CEO Andy Jassy told analysts in a post-profit that it was still “very early days” in the AI race and that the enormous cloud activities of Amazon, much larger than rivals, was good to perform well as soon as the AI capacity restrictions begin to facilitate.

The share, so far 6.7% so far, was $ 216.6 in early trade this year. The drop would erase around $ 170 billion of Amazon’s market value if the losses apply.

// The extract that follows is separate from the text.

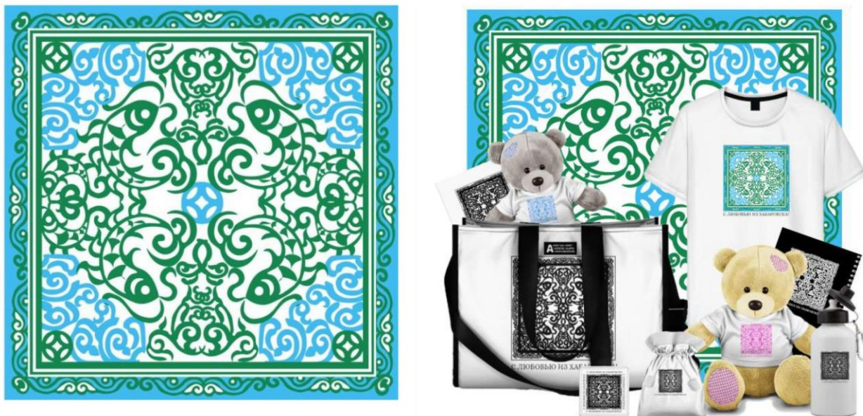
Рис. 1. Цифровая реконструкция орнаментальных мотивов.

The company is still being traded with a relatively high premium, with a 12-month price-win ratio of 33.87, compared to Microsoft’s 34.19 and 18.64 from Alphabet, according to data compiled by LSEG.

Retail -Reperkracht

At least 30 analysts raised their price goals on the shares, while three were lowered, giving it a $ 260 median.

Part of that self -confidence of analysts comes from the strong performance of Amazon’s retail activities, which have remained resilient in the light of Trump administration rates that many retailers and their supply chains have bumped.

In the first half of the year, Amazon still has to decrease or see a remarkable increase in prices, Jassy said, because online store sales in the second quarter jump a better than expected 11%.

Manufacturers and suppliers have so far cleaned up most of the tariff effects, analysts said, but noted that many of the inventory that Amazon sold in the quarter of three months arrived.

“If the Amazon shop company was an isolated entity, it would act dramatically higher after the almost perfect results,” says Michael Morton, analyst at Moffettnathanson.

“Unfortunately, as we all know, the success of the retail company is not what is going for in the short term for the Amazon stock price.”